As long as it wasn't shorting the motherboard, you should be fine


----------



## stinger608 (Aug 4, 2012)

Bo$$ said:


> As long as it wasn't shorting the motherboard, you should be fine



 yep, as Bo$$ stated, if the system was running when you removed the card it should be fine to test it. If on the other hand it did short out in the system, which would appear it did not do, then just throw it in the trash. 

From the sounds of it though, I would figure it to be the video card and not the PSU that was in your brothers system.


----------



## mauriek (Aug 4, 2012)

The only time i saw a graphic card did some damage to a motherboard was when my old Asus ATI 9250 AGP suddenly getting much hotter than usual and 5 minutes later the AGP pin burn out and also burn and melt the AGP GPU slot with it..


----------



## Black Panther (Aug 4, 2012)

Well, my brother's motherboard still works, so I guess I'm safe.

I tend to think it had been the PSU because I tried a 8600GTS which was working and it didn't work with the old PSU either..


----------



## Bo$$ (Aug 5, 2012)

Black Panther said:


> Well, my brother's motherboard still works, so I guess I'm safe.
> 
> I tend to think it had been the PSU because I tried a 8600GTS which was working and it didn't work with the old PSU either..



ok well then i think it's safe for your system  Risks are generally quite low unless it provides power


edit: Due to confusion I am talking about using the 8800gt in your system NOT the PSU
good luck


----------



## Aquinus (Aug 5, 2012)

Bo$$ said:


> ok well then i think it's safe for your system  Risks are generally quite low unless it provides power



Yeah, I would be careful with that one.
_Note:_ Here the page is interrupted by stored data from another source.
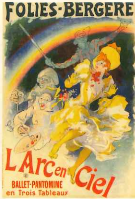
ジュール・シェレ 《「虹」フォーリー・ベルジェール》 1893年
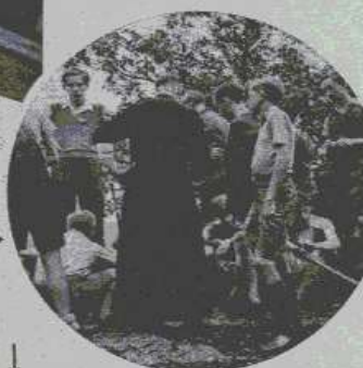
De name aan den Pater Damiaanstoet (1936) gekiekt voor het St. Norbertusgesticht.
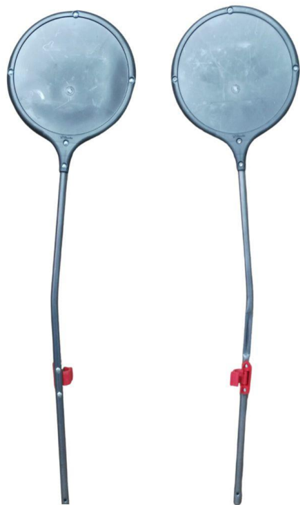
Haste de identificação (pirulitos)
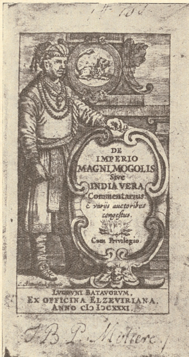
FIG. 2. — Signature autographe de Molière.
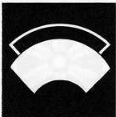
陰陽重ね地紙 いんようかさ じがみ
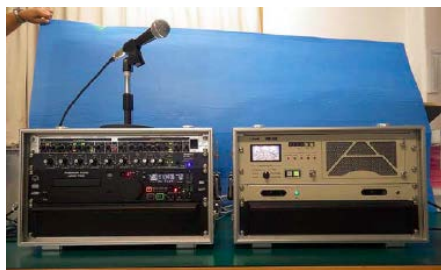
マイク、録音再生機、音声調整機、送信機等
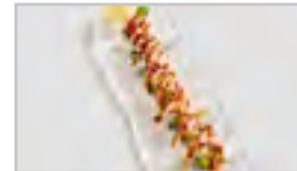
R22 FIRE SAKE ROLL ACDFN 8 STK. LACHSMANTEL FLAMBIERT / AVOCADO / GURKE / SESAM
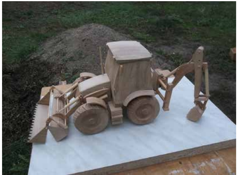
Festésre váró JVC munkagép. Természetesen minden elem mozgatható és követi az eredetit.

A modellek akrilfestést kapnak. A feliratokat kézzel rajzolja elő, majd festi fel. Talán ez a legnehezebb része a munkának. Sokat nem lehet hibázni, hiszen akkor az
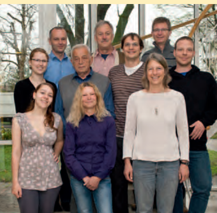
Die Arbeitsgruppe „Streuobst und Öffentlichkeitsarbeit“

Streuobstwiesen sind aus unserer Kulturlandschaft nicht wegzudenken. Sie liefern seit Jahrhunderten Obst, betten unsere Gehöfte und Dörfer harmonisch in die umgebende Landschaft ein und bieten dem Vieh Schutz bei Sonne und Regen. Nicht zuletzt finden mehrere 1000 Tier- und Pflanzenarten in den herrlichen, landschaftsprägenden Obstgärten wertvolle Lebensräume.
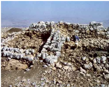
המזבח בהר עיבל.

התכופפה בהתאם לתוואי צדי המזבח. 4 לכן הסיק שהניחו את הערבות על היסוד. על כל פנים, היסוד נמצא רק מצפון וממערב למזבח, אבל לא מדרום וממזרח, ואילו הערבות הקיפו את כל צדי המזבח, ולכן נראה שלפי פשוטה מכוונת המידה "אחד עשר אמה" להנחת בסיס הערבות על גבי הקרקע, ולא על גבי היסוד.
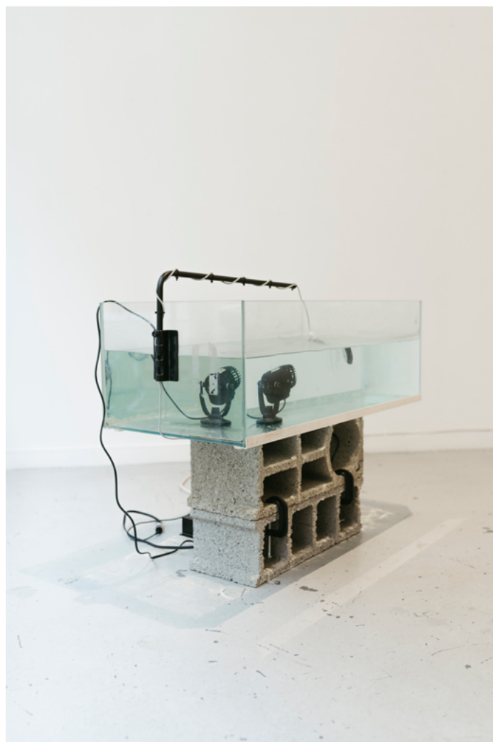
Photographie © I'M NOT DROWNING I'M WAITING IN THE WATER 2 Photographie © Eddy Pividor.jpg

Les prix du jury et le prix du public, d'une valeur respective de 2000€ et 1000€, seront remis lors de la journée de clôture de l'exposition, le 14 juin 2025.
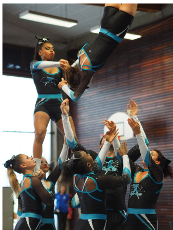
Club Cheer Excess
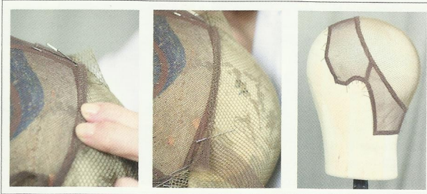
Colocación de tul elástico.
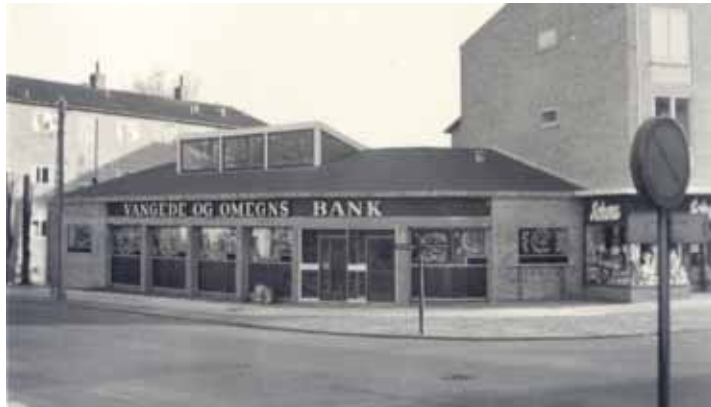
I 1958 havde banken fået vokseværk og flyttede til nybyggede lokaler på hjørnet af Vangedevej (nuværende Vangede Bygade) og Snogegårdsvej. Vangede og omegns Bank var stadig en filial af Ordrup-Charlottenlund Bank. På denne plads lå der tidligere byens gadekær

En mand henvendte sig for nogle år siden til mig og bad om at låne penge til en kakkelovn. Afdragene faldt promte, og da han senere skulle låne til endnu en kakkelovn, hjalp vi ham selvfølgelig igen. Til sidst havde han lånt penge til fem ovne. Da
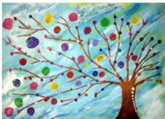
Софија Никодијевић 7-1
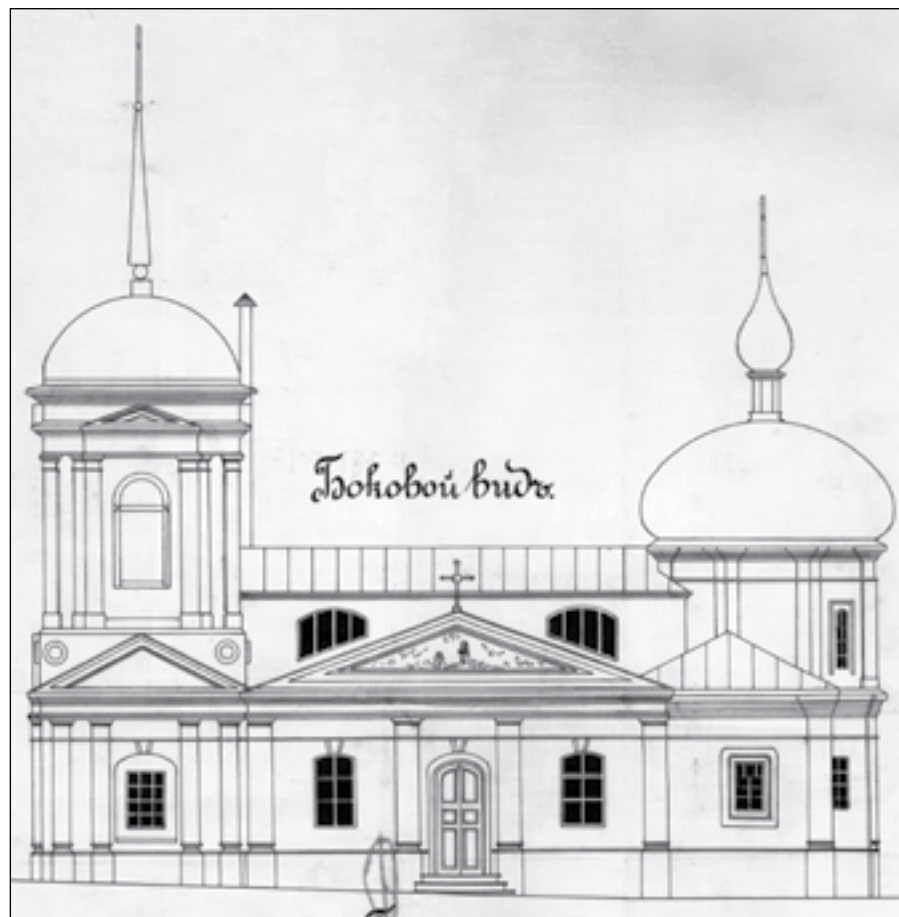
Кресленник Покровської церкви, 1910 р.

У 1708 році цар Петро I жалує грамоту на сільце Білокопитове сину Олексія Заруцького – Афанасію. Віктор Вечерський стверджує, що часом побудови церкви є 1737 рік, а його колега, архітектор Володимир Биков, уточнює, що її будівництво відбувалося упродовж 1737–1741 років. Але до рук дослідників не потрапили
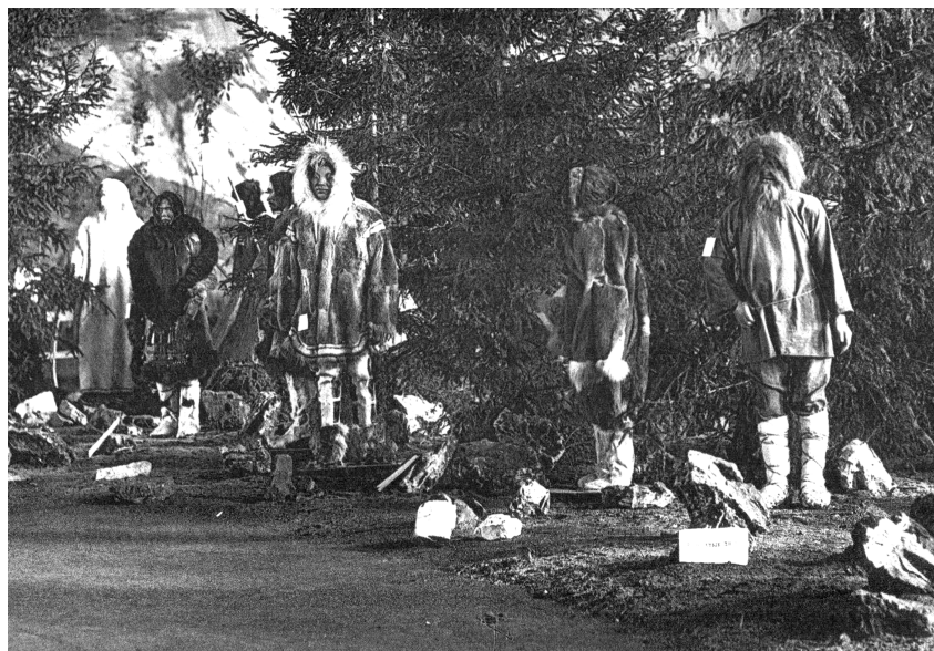
Рис. 6. Группа народов Севера на Антропологической выставке 1879 года

(рис. 6). Кроме того, в собрание вошли любопытные коллекции с островов Тихого океана и от жителей Северо-западного побережья Северной Америки – т.е. бывших Российских владений. Комиссия РГО старалась сосредоточить в организованном им собрании предметы серьезного научного интереса (рис. 7).
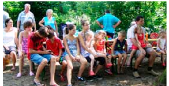
Az egyik gyerekcsapat
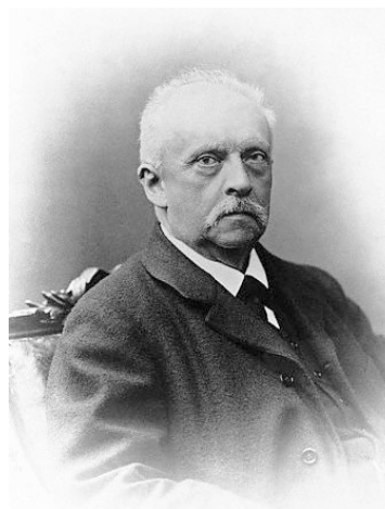
Figura 4. Hermann von Helmholtz.

Este resultado se conoce con el nombre de primer principio de la termodinámica. Von Helmholtz fue convidado a ocupar la cátedra Cavendish de la Universidad de Cambridge; pero siendo poco amigo de cambios, prefirió permanecer en la que ostentaba en Heidelberg. Su rechazo benefició el acceso a ella del joven físico de origen escocés, James Clark Maxwell (1831-1879).

You don't need to go burning out the rest of the rig. The PSU is one of the only components that can hose your entire rig. Mainly because it is connected to just about everything.


----------



## Completely Bonkers (Aug 5, 2012)

Damaged AGP cards can blow an AGP socket... because AGP was designed at different standards and different voltages.  Earlier AGP specs were at a higher voltage... later just 0.8v, so a damaged card could possibly let out of spec voltages damage a mainboard components. (typically the northbridge gets collateral damage and you need a new mainboard)

PCIe cards are much safer in this respect... since all at the same voltage. And in the extreme case, if one lane gets damaged... in theory, the rest of the card/slot should work fine. Just like putting a PCIex16 GPU in a PCIEx8 slot... it works fine.


----------



## Aquinus (Aug 5, 2012)

Completely Bonkers said:


> PCIe cards are much safer in this respect... since all at the same voltage. And in the extreme case, if one lane gets damaged... in theory, the rest of the card/slot should work fine. Just like putting a PCIex16 GPU in a PCIEx8 slot... it works fine.



That is all fine and good if you kill a data-lane. All of the power provided by PCI-E is provided in the first 11 pins (either side) of a PCI-E slot. Everything after the PCI-E key is only PCI-E data, clocks, and grounds. I also don't think that PCI-E is as resilient as you are describing. If you fry a lane there is a good bet there is more damage to the PCI-E controller as well. PCI-E also uses 12v and 3.3v.


----------



## Bo$$ (Aug 5, 2012)

Aquinus said:


> Yeah, I would be careful with that one. You don't need to go burning out the rest of the rig. The PSU is one of the only components that can hose your entire rig. Mainly because it is connected to just about everything.



Edited my post, i think you misunderstood me


----------



## Aquinus (Aug 5, 2012)

Bo$$ said:


> Edited my post, i think you misunderstood me



No, I was expanding on that. A video card alone won't fry your machine unless there is something wrong with it or something wrong with the slot on the motherboard assuming nothing is broken or defective. I'm not going to lie, I've replaced more PSUs than any other part in my machine. It's dangerous to run a power supply that could be bad because it could take other stuff down with it. That's all that I'm saying.

Panther: The PSU very well could be shot, but it might be a worth-while investment to get a PSU tester. They're not very expensive and it's a useful tool to have, even if you don't use it that often.


----------